Stored data:
--*--

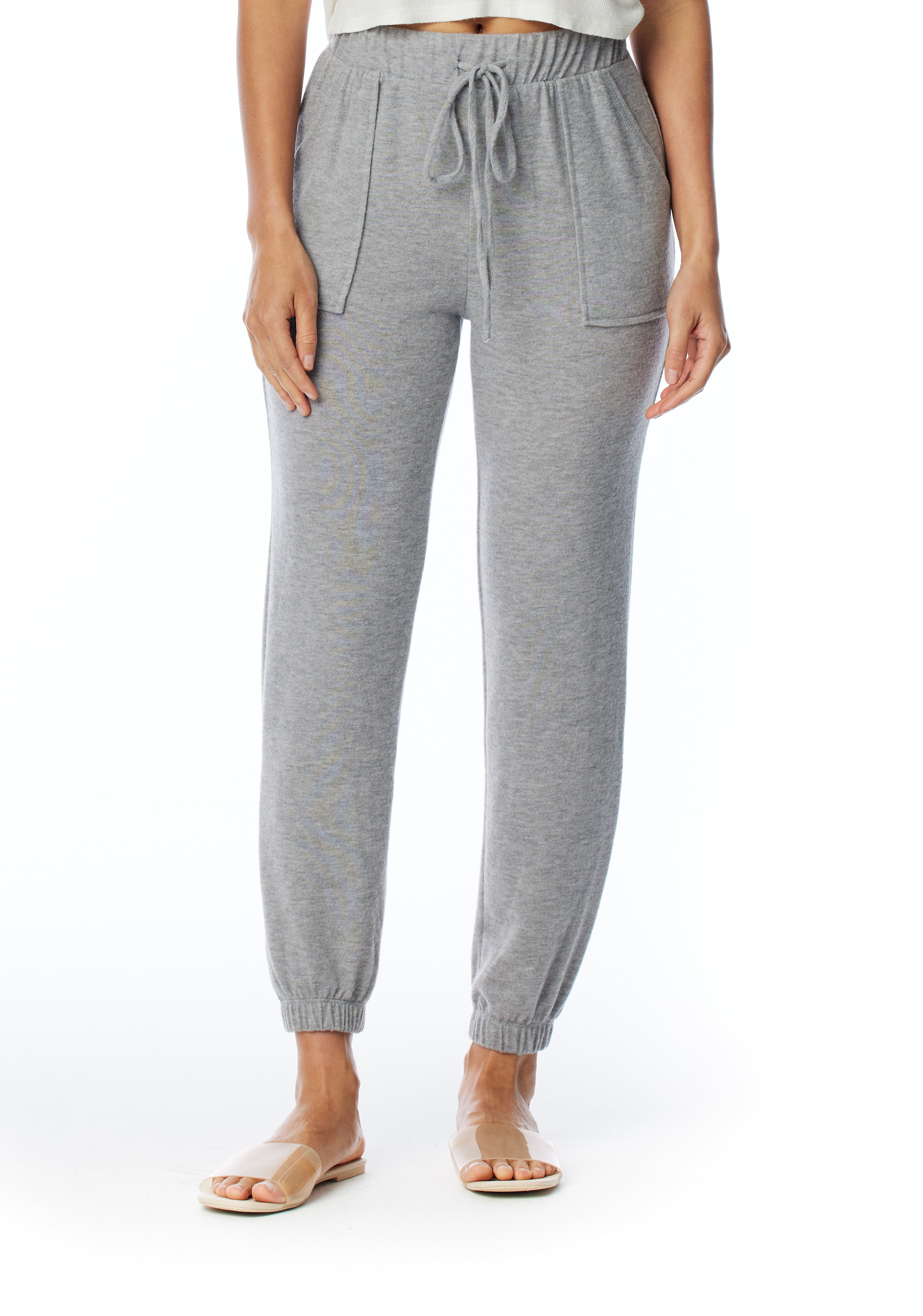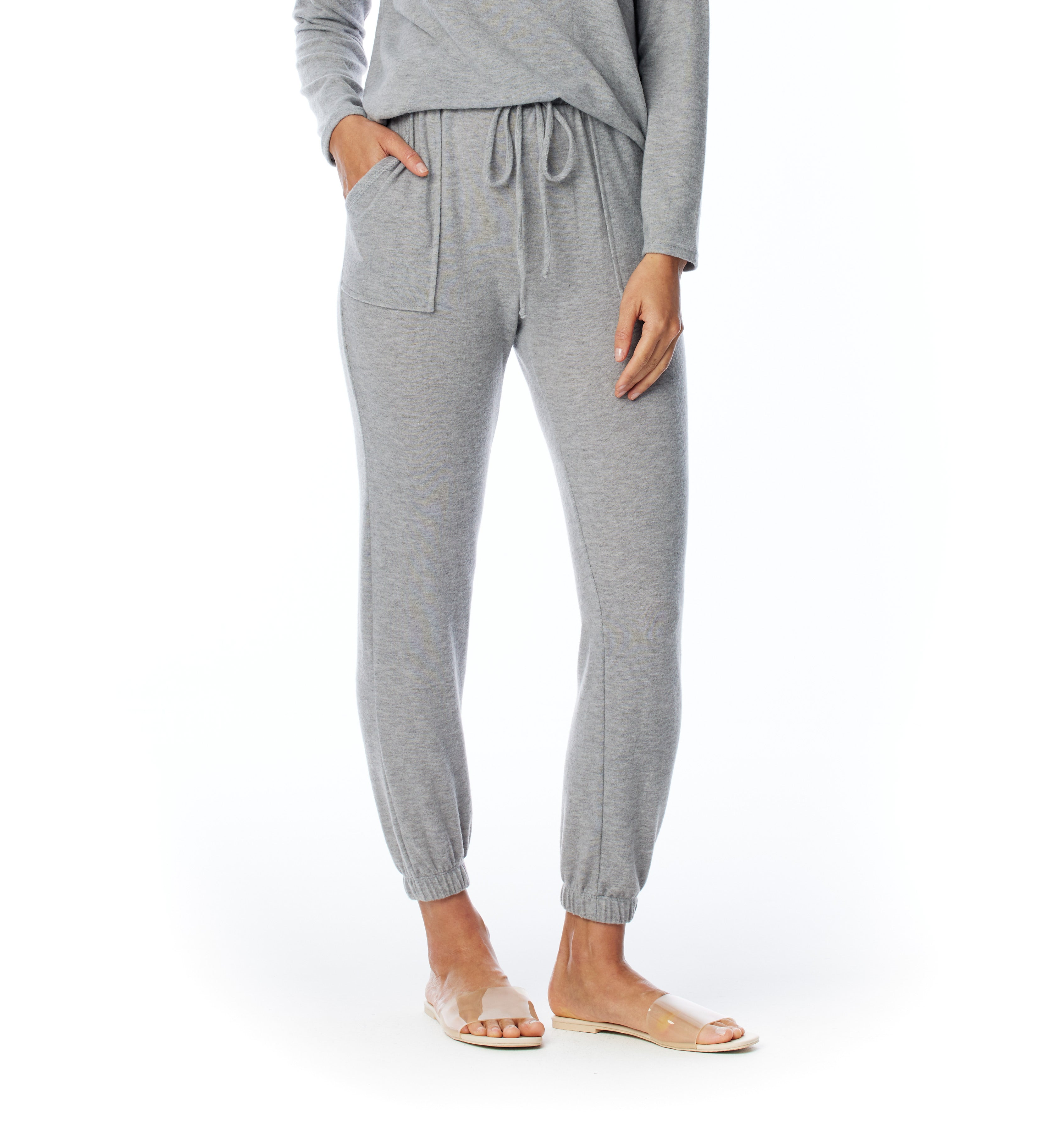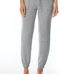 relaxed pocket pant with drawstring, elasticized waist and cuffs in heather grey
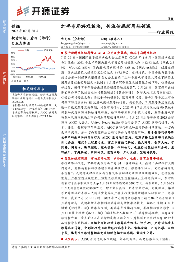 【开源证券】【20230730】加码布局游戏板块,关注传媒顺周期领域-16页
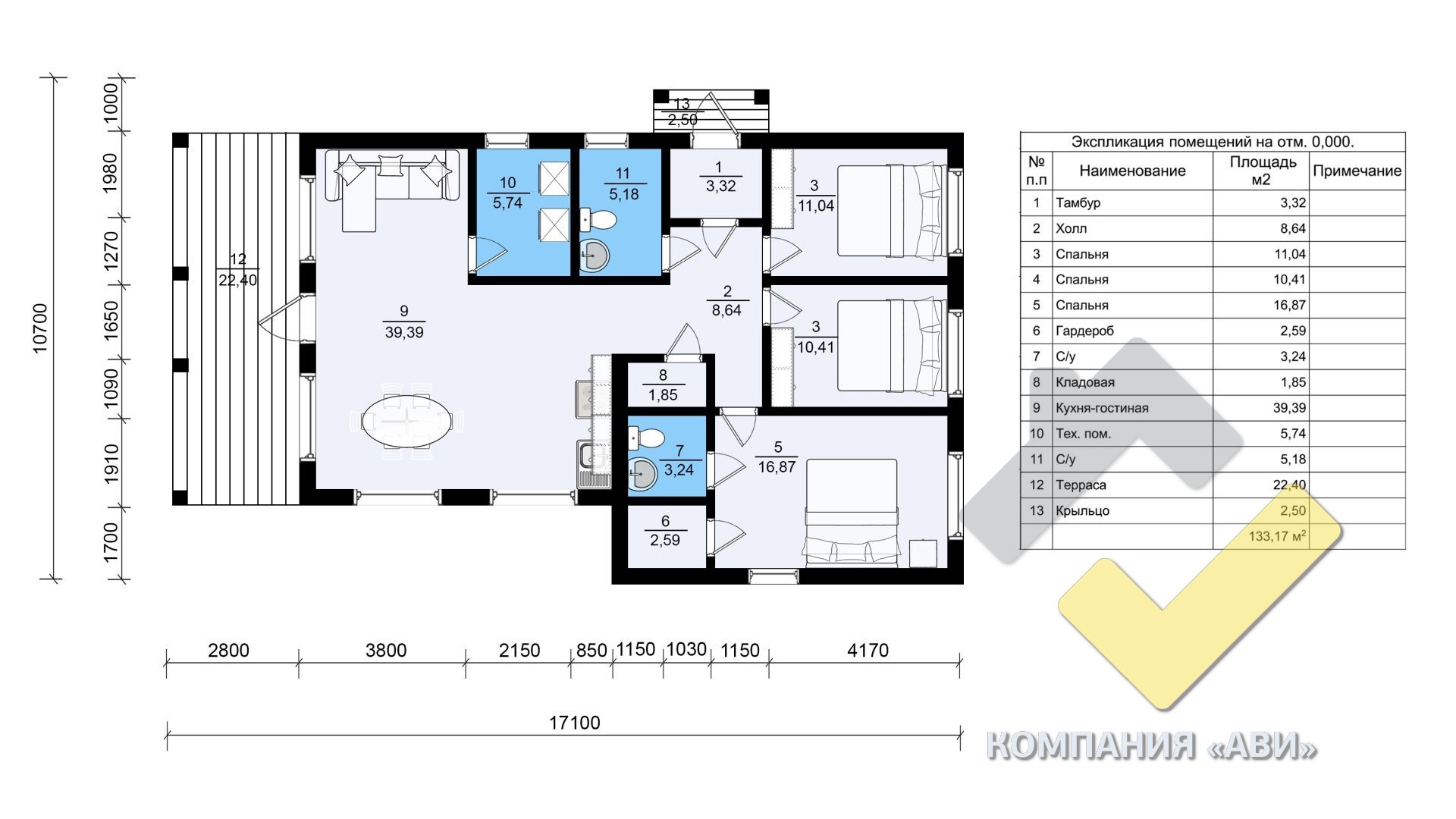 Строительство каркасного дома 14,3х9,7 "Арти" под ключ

--*--

What needs to be done: Reproduce the data above in full, exactly, with the images removed.

Response box:
 relaxed pocket pant with drawstring, elasticized waist and cuffs in heather grey
 【开源证券】【20230730】加码布局游戏板块,关注传媒顺周期领域-16页
 Строительство каркасного дома 14,3х9,7 "Арти" под ключ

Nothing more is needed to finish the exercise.